習慣は高速道路の入り口のようなものだ。あなたを進入路へ導き、知らないうちに次の行動へ向けて加速させる。すでにしていることを続けるほうが、ちがうことを始めるより易しいからだ。くだらない映画を二時間もすわって観つづける。お腹がいっぱいなのに、スナックを食べつづける。スマートフォンを「ほんのちょっと」チェックすると、そのまま二〇分も画面を見つづける。このように、考えずに行う習慣が、考えているときの選択を決めてしまうことが多い。

遺伝子はあなたの運命を決めたりしない。決めるのは、あなたに有利な分野である。

たしかなのは、もし習慣を始めて続けられるようになったら、やめたくなる日があるということだ。ビジネスを始めたなら、仕事をしたくない日があるだろう。ジムにいるなら、やりたくないトレーニングがあるだろう。書く時間になったら、タイプしたくない日があるだろう。でも、それをするのが面倒だったり、苦痛だったり、うんざりするときに、さらに力を入れて行うなら、それがプロとアマチュアの違いをもたらす。
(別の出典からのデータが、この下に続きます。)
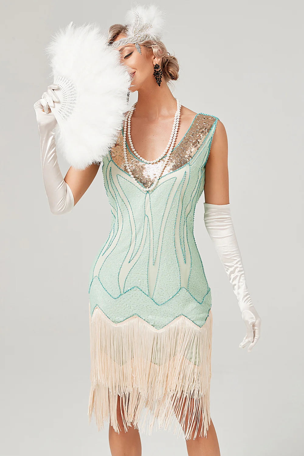 Pailletten Groene Korte Jaren 1920 Party Dress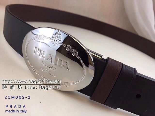 PRADA男士皮帶 普拉達烏木色牛皮雙面用腰帶  jjp2024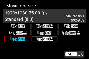 Môžete nastaviť veľkosť snímky, snímkovú frekvenciu a spôsob kompresie v položke [: Movie rec. size/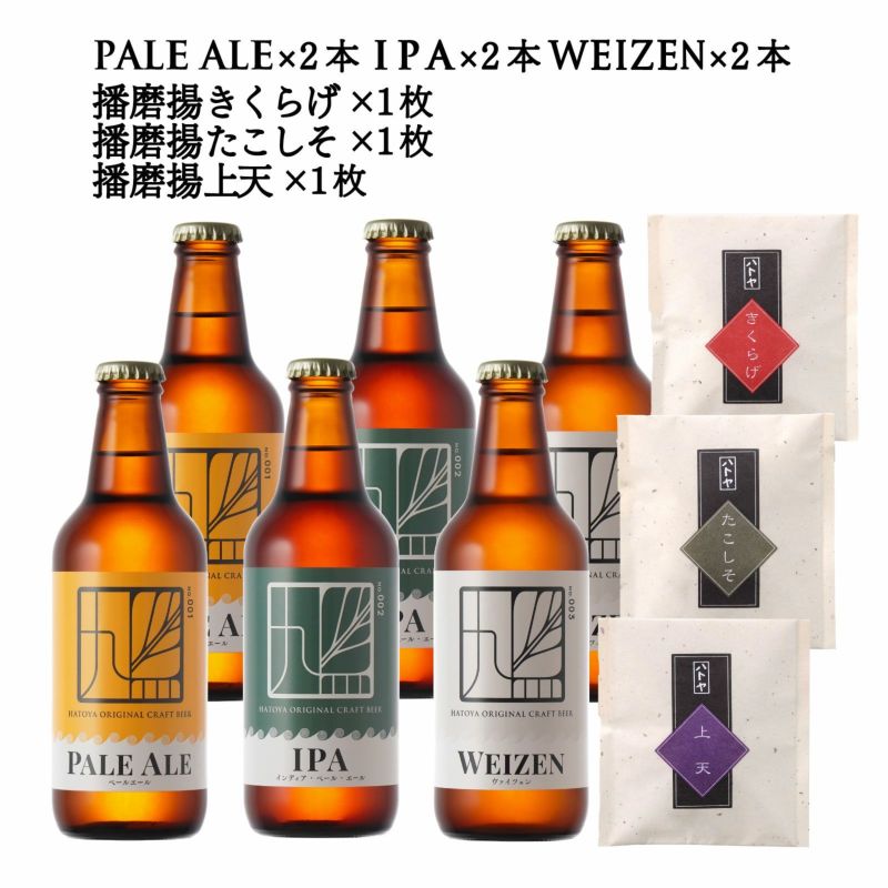 鳩シリーズのクラフトビール『IPA』と『Weizen』の二種を、各種3本ずつ、6本に結び合わせたセットです。IPAの苦味とWeizenの甘味、異なる2種のテイストを楽しむことができます。

いつまでも成果を得つづける秘訣は、改善するのをやめないことだ。やめないだけで、驚くほどのものを築くことができる。仕事をやめなければ、驚くほどのビジネスを築ける。トレーニングをやめなければ、驚くほどの身体になれる。学習をやめなければ、驚くほどの知識が身につく。貯蓄をやめなければ、驚くほどの財産になる。親切にするのをやめなければ、驚くほどの友情が生まれる。小さな習慣はただ加算されるのではない。複利で大きくなっていく。これが最小習慣の力だ。小さな変化が驚くべき成果をもたらす。